1)      Determine your HR and risk-management needs,

2)      Ensure that the PEO can meet your goals,

3)      Check the firm’s financial background by asking for banking and credit references,

4)      Ask for client and professional references,

5)      Check to see if the PEO is member in good standing of NAPEO,

6)      Investigate the company’s administrative and risk-management competence,

7)      Understand how employee benefits are funded? Who is the third party administrator or carrier? Is it licensed?

8)      Understand how the PEO tailors employee benefits. Determine if they fit the needs of your employees.

9)      Review the service agreement carefully. Are the respective parties’ responsibilities and liabilities clear? What guarantees are provided? What provisions permit you or the PEO to terminate the contract?

 

            If a PEO does not meet or exceed your standards in regards to the above listed questions, it is probably not a good idea to utilize their services. After all, you are outsourcing many of the practice’s administrative functions, and you should feel comfortable with group in knowing that they will mitigate your liability rather than becoming a liability.

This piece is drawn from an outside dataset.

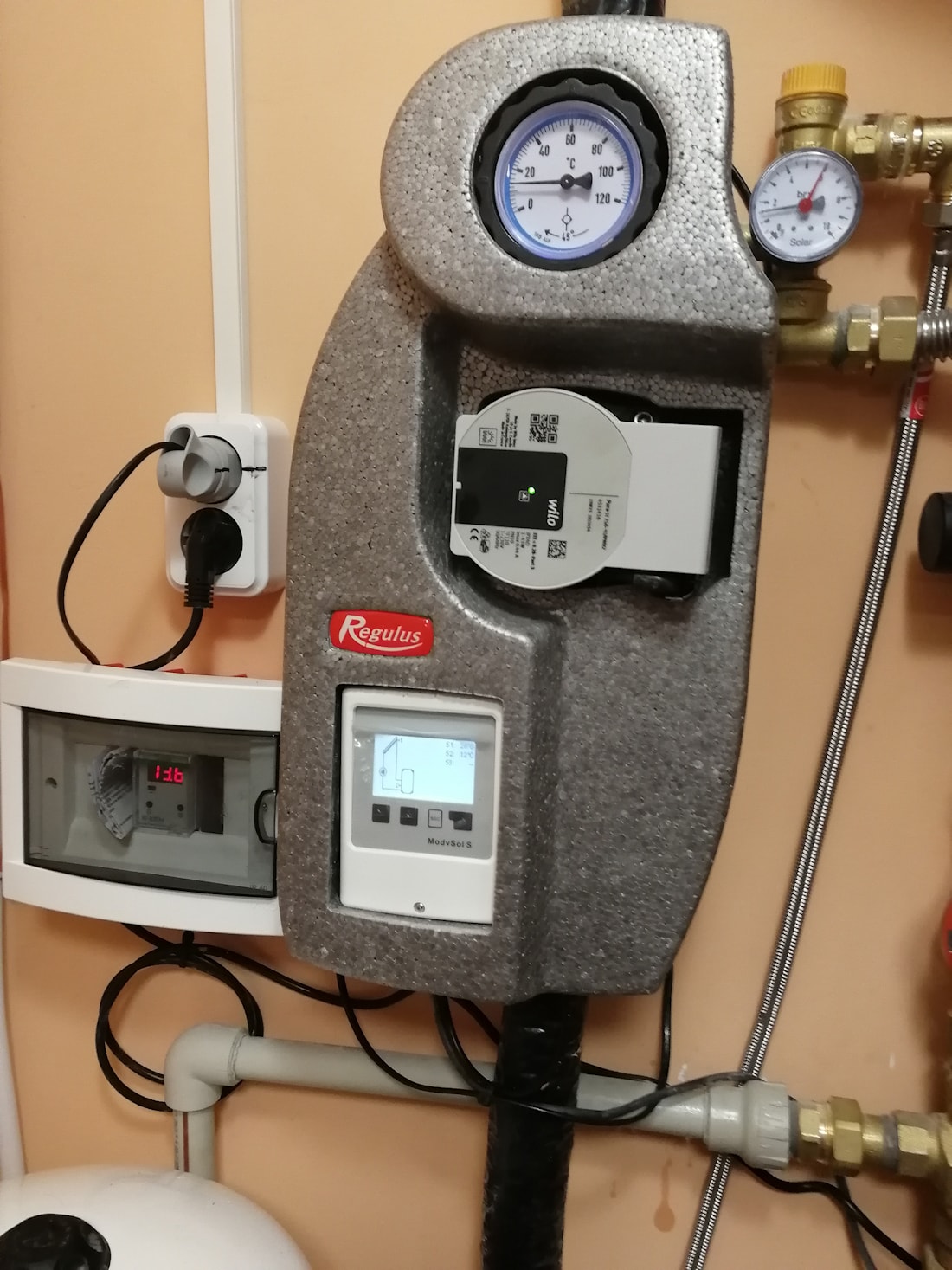 Установлено 4 плоских солнечных коллектора REGULUS KPS1 суммарной мощностью 5,924 кВт и бивалентный бойлер косвенного нагрева DRAZICE OKC 300 NTRR/BP.

            PEOs exist to provide services to businesses for many reasons. Whether it’s a lack of experience or expertise with human resources, a lack of time, or maybe the owner just doesn’t want to deal with the hassles of employment and the associated liability. A PEO arrangement may, or may not, be right for your medical practice, but the potential benefits are at least worth careful and thoughtful consideration.

 

Jared Jones represents the Professional Employer Organization Resource Management, Inc. in Las Vegas and can be reached at 702-463-9048 or jared@rminc.com.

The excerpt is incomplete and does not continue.